▶ _The data_:

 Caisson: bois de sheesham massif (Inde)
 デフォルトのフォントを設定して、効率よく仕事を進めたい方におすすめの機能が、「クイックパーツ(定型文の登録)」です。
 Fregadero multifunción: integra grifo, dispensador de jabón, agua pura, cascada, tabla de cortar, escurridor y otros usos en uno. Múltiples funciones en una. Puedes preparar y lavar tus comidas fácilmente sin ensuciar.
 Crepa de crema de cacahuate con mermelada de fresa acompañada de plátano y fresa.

--

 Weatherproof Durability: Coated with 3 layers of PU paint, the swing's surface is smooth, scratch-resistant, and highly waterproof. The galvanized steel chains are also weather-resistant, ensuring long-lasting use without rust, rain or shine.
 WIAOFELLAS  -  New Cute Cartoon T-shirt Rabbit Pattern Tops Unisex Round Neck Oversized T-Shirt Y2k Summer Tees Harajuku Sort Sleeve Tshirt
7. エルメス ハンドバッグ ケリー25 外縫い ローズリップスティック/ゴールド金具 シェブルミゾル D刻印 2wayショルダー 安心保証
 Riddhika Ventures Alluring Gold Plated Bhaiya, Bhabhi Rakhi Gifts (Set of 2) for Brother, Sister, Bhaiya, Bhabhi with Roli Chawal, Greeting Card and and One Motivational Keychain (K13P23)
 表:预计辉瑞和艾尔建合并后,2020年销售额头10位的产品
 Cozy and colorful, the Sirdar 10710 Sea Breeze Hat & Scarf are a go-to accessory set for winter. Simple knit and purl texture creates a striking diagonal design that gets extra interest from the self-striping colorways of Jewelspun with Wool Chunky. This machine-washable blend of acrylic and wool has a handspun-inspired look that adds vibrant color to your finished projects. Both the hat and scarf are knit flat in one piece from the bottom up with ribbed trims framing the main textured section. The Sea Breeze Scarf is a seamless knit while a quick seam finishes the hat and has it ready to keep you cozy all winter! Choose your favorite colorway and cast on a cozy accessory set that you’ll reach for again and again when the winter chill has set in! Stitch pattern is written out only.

--

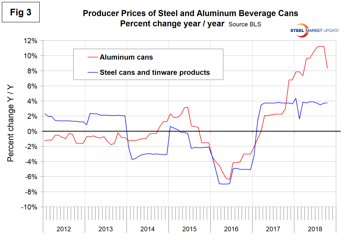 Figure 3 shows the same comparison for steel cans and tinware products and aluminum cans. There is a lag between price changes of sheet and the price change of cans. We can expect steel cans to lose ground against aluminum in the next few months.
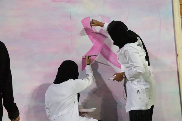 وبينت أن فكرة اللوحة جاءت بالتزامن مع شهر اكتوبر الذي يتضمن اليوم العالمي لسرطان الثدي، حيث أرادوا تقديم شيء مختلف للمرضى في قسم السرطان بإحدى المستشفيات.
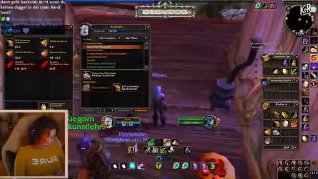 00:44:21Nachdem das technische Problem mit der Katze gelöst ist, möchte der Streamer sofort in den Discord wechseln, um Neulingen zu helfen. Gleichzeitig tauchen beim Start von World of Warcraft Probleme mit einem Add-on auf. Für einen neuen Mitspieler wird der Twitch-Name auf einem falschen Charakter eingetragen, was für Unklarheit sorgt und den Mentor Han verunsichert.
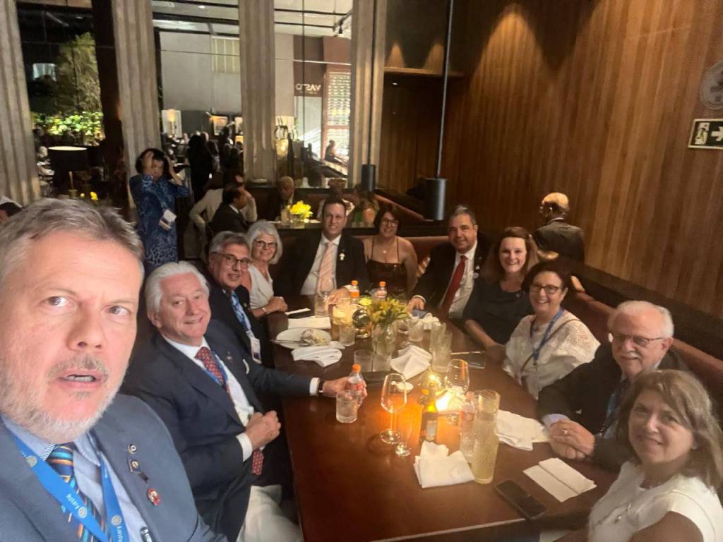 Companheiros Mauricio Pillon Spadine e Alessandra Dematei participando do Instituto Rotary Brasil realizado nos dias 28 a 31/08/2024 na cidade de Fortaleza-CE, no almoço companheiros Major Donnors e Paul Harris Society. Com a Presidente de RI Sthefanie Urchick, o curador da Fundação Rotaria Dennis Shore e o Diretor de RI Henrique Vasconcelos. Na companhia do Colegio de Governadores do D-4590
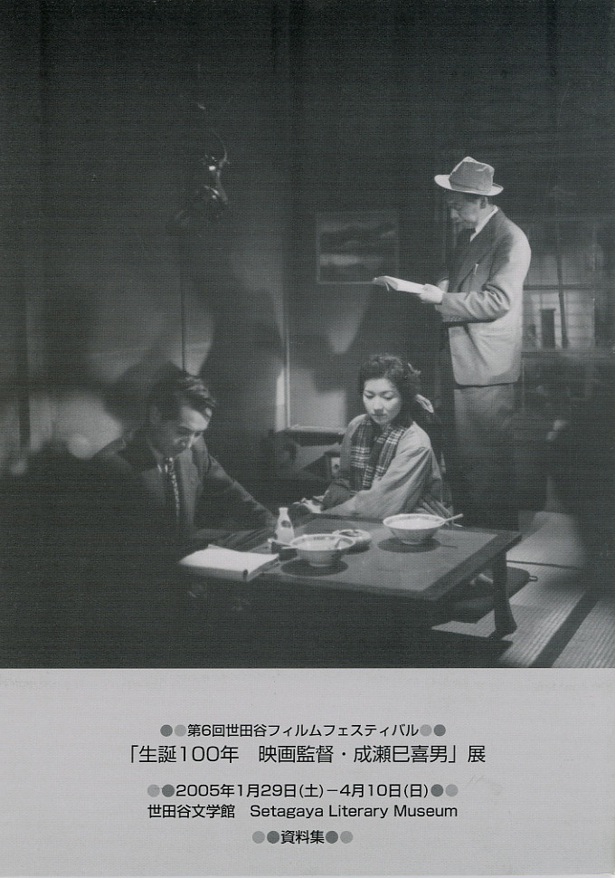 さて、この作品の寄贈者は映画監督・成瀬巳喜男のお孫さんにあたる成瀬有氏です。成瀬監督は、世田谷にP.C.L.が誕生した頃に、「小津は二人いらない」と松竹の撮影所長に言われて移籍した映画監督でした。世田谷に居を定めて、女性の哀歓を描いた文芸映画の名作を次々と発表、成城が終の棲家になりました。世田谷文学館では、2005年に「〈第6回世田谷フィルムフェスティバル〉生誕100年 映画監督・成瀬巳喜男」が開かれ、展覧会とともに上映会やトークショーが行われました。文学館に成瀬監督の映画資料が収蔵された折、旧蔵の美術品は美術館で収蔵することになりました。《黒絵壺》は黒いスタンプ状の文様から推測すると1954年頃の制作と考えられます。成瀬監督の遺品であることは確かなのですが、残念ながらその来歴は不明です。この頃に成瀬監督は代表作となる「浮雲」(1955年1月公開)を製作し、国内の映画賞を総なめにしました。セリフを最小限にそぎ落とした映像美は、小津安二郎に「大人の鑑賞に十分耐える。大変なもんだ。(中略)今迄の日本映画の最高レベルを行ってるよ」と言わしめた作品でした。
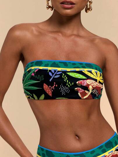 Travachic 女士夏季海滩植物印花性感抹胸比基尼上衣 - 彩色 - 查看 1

▶ _Assignment_: Each line between the one holding "Figure 3 shows" and the one holding "وبينت أن فكرة", inclusive, should be copied exactly as it appears above, and pictures should be omitted.

▶ _Problem solution_:
 Figure 3 shows the same comparison for steel cans and tinware products and aluminum cans. There is a lag between price changes of sheet and the price change of cans. We can expect steel cans to lose ground against aluminum in the next few months.
 وبينت أن فكرة اللوحة جاءت بالتزامن مع شهر اكتوبر الذي يتضمن اليوم العالمي لسرطان الثدي، حيث أرادوا تقديم شيء مختلف للمرضى في قسم السرطان بإحدى المستشفيات.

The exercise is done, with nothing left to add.